Recuerdo que leí algunas críticas sobre el libro en algún suplemento o periódico antes de comprarlo, pero fue el mismo día de hacerlo y una vez en casa cuando, ojeando las textos de la cubierta, el apunte biográfico de Pamuk y la sinopsis de la novela, me vino automáticamente a la cabeza una antigua canción de Gabinete Caligari que podría resumir o compendiar más atinadamente que cualquier reseña la finalidad de Kemal al reunir todos los objetos relacionados con su amada para mostrárselos al mundo en un museo. La canción recrea de forma perfecta esta circunstancia de la novela, se titula Con lo mejor de ti y dice así:

“Con lo mejor de ti, un mundo nuevo me construí, a fuerza de reunir, objetos que robe de ti.
La historia terminó, y estuvo bien, muy bien, mientras nos duró, por eso junto a mí, conservo lo mejor de ti
La mejor de tus prendas, guardo en un altar, donde te hago mis ofrendas y juego a recordar, y juego a recordar…
Con lo mejor de ti, en mi museo amor soy feliz, fetiches de un ladrón, que son mi vida y mi obsesión.”
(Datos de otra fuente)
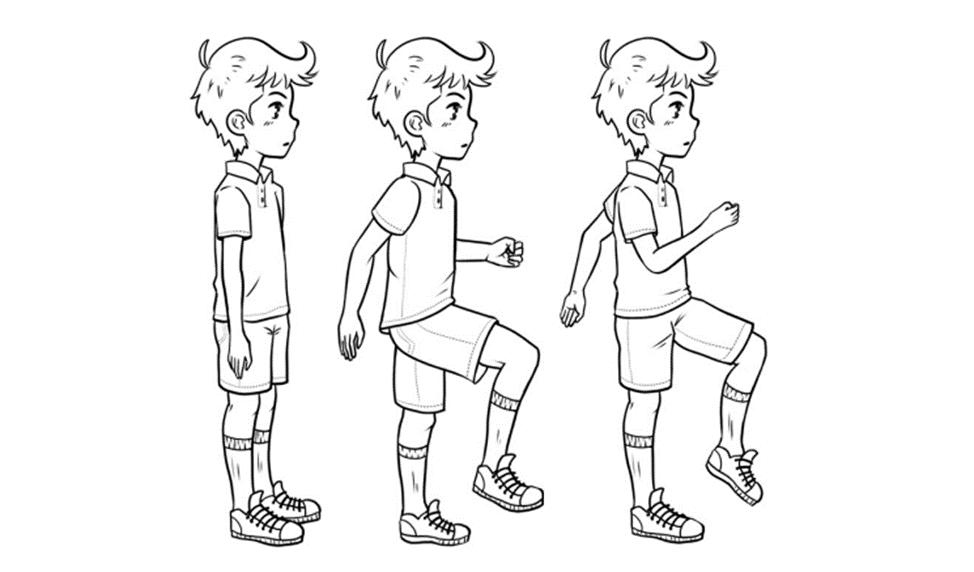 Я собрала игры и задания, которые эффективно применяла на практике для занятий с детьми младшего школьного возраста, у которых были разнообразные проблемы с овладением школьной программой. Точность и ловкость движений является базой для красивого, ровного почерка, хорошей концентрации внимания, правильной осанки во время выполнения уроков. «Ритмичный марш с хлопками» Точное ритмичное марширование — это основа способности плавно переключаться с одного движения на другое. Для начала покажите ребенку, как нужно маршировать. Одна нога сгибается в колене и поднимается вверх, другая устойчиво стоит, тело при этом не раскачивается и не заваливается. Затем нога опускается и тут же поднимается другая. Руки не болтаются, а совершают противоход движениям ног. Шагаем несколько маршевых шагов и наблюдаем, как эти шаги выполняет ребенок. Если все получается хорошо, ребенок не теряет равновесие, удерживает ритм маршевого шага, то можно переходить к следующему варианту упражнения. Если же ребенок пере
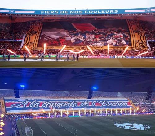 賽前王子公園上壯觀的巨型Tifo借用了拿破侖在阿爾科萊戰(zhàn)役的場景,并改編為擊敗普魯士軍隊,輔以“征服歐洲”的巨大標(biāo)語,而同時奏響高亢激昂的《馬賽曲》,似乎在預(yù)示著即將上演一場扣人心弦進(jìn)攻足球盛宴。比賽甫一開場已展現(xiàn)出賞心悅目的足球風(fēng)格,極具進(jìn)攻欲望的拜仁率先反客為主:第17分鐘迪亞斯禁區(qū)內(nèi)被帕喬鏟倒,凱恩主罰點球命中,以16球超越蘭帕德,成為歐冠淘汰賽進(jìn)球最多的英格蘭球員——職業(yè)生涯首次單賽季參與進(jìn)球達(dá)60個,其中入球54個,甚至超過了17支意甲球隊本賽季的聯(lián)賽全隊進(jìn)球數(shù)。
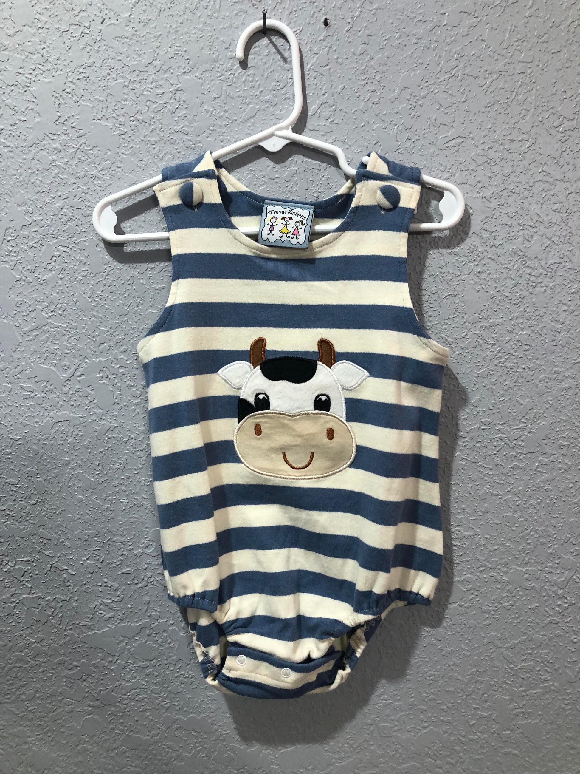 Boys Blue and Cream Stripe Onesie with Cow Applique by Three Sisters
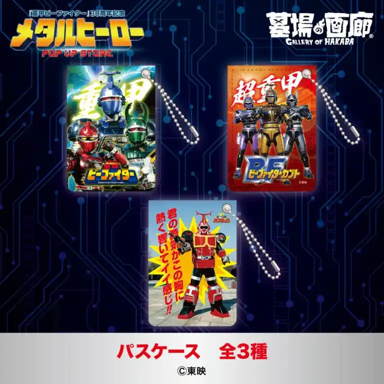 メタルヒーローシリーズでも異色を放つ『重甲ビーファイター』『ビーファイターカブト』『ビーロボカブタック』から、各タイトルごとに3種のパスケースが登場!各作品のロゴと主要キャラクターをデザインしたパスケースは、通勤・通学のお供に最適!大事なカード類を外敵や衝撃から守る「重甲」仕様のパスケースで日々の生活を安全に過ごそう! |
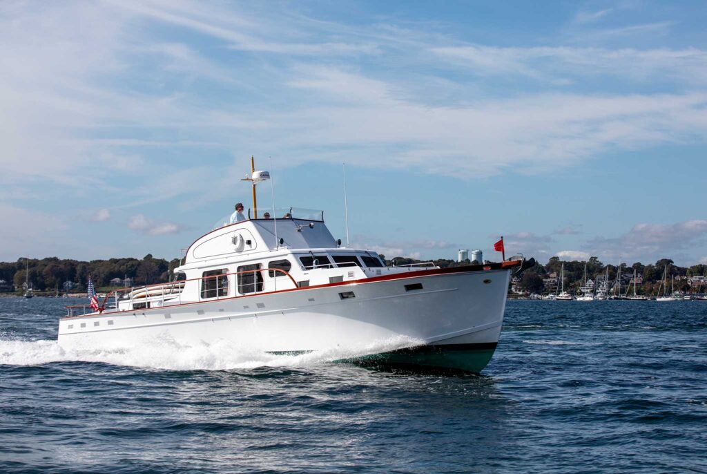 Owners of other boat brands will refit their vessels to gain speed through performance-enhancing modifications like repowering with a new engine, improving the power-to-weight ratio, or changing the prop, among other methods. “I can’t say that we’ve ever had someone who came to us and said they want to go faster,” Tyska says. “Usually, it’s part of a more holistic conversation about speed, efficiency and seaworthiness. Usually, when you get more speed, you give up some efficiency or you’re pounding into the waves more. It’s a give and take.”
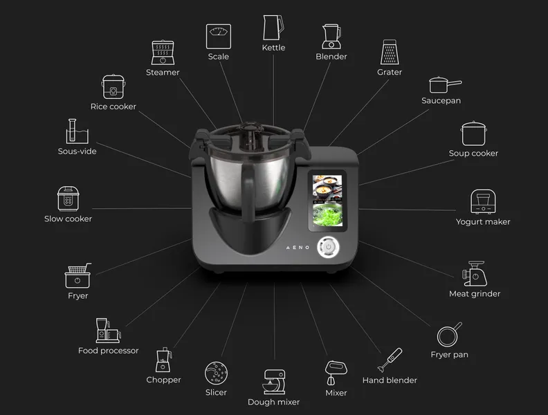 AENO GastroLab е нещо повече от кухненски робот - това е цялата ви кухня в една елегантна машина. Представете си, че замествате кухненския си робот, блендера, со-вид, бавната готварска печка, миксера и дори електрическата кана с едно мощно устройство. Вече не е необходимо да купувате, съхранявате или поддържате над 20 различни уреда. Това ви спестява както пари, така и ценно място на плота. За малките кухни това е промяна в играта. Вместо претрупани плотове или претрупани шкафове, GastroLab предлага рационално, минималистично решение, без да прави компромис с производителността. Освен това тя опростява приготвянето на храната, като съсредоточава всичко необходимо на едно място да имате повече време да се наслаждавате на важните неща
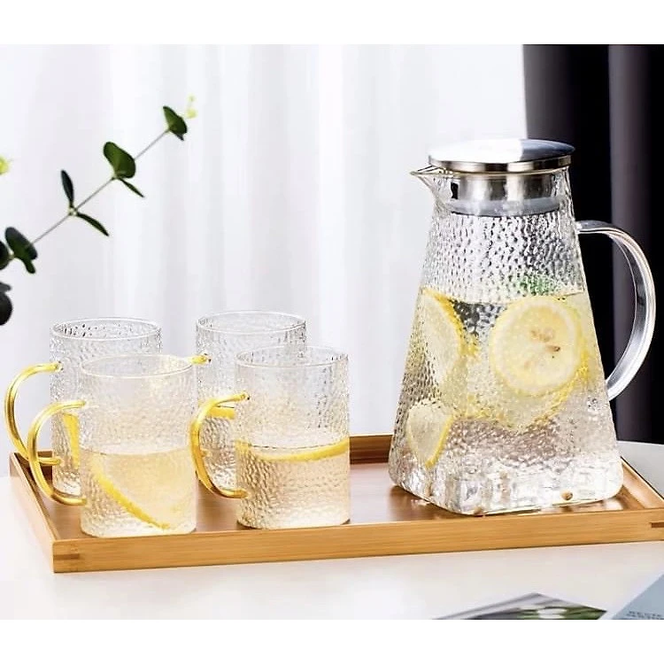 BỘ BÌNH ĐỰNG NƯỚC UỐNG THỦY TINH CHỊU NHIỆT CAO CẤP KÈM 6 LY ĐÁY CẠNH - ANTH580
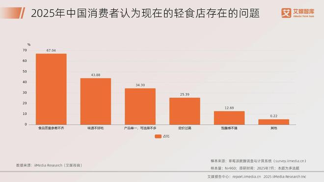 数据显示,在2025年中国消费者对轻食店存在的问题的调查中,食品质量参差不齐的问题最为突出,占比高达67.04%,远高于其他问题。其次是味道不好吃,占比43.88%,而产品单一、可选择不多的问题也较为明显,占比34.30%。定价过高的问题占比25.39%,饱腹感不强的问题占比相对较低,仅为12.69%。其他问题占比最低,仅为0.22%。艾媒咨询分析师认为,品质与口味是当前轻食行业的核心痛点,严重影响用户体验与复购意愿。未来品牌需聚焦供应链管理与菜品研发,在保障安全稳定的基础上打造差异化风味,以突破市场发展瓶颈。

Y un día cualquiera de una turbia primavera me puse serio y abrí El museo de la inocencia, y una vez más fui fagocitado por la gran Literatura Universal y gocé, soñé, creí en vano que pensaba y, sin duda, sufrí. Sufrí por Kemal Bey y por Füsun, desde entonces mi princesita; sufrí por ellos y por mí, y por muchos más que sufren como yo sufro, arrebatados, la enfermedad de belleza honrada que me diagnosticó en la contraportada de uno de sus mejores libros, con desmayada caligrafía, un huraño escritor catalán con la misma dolencia.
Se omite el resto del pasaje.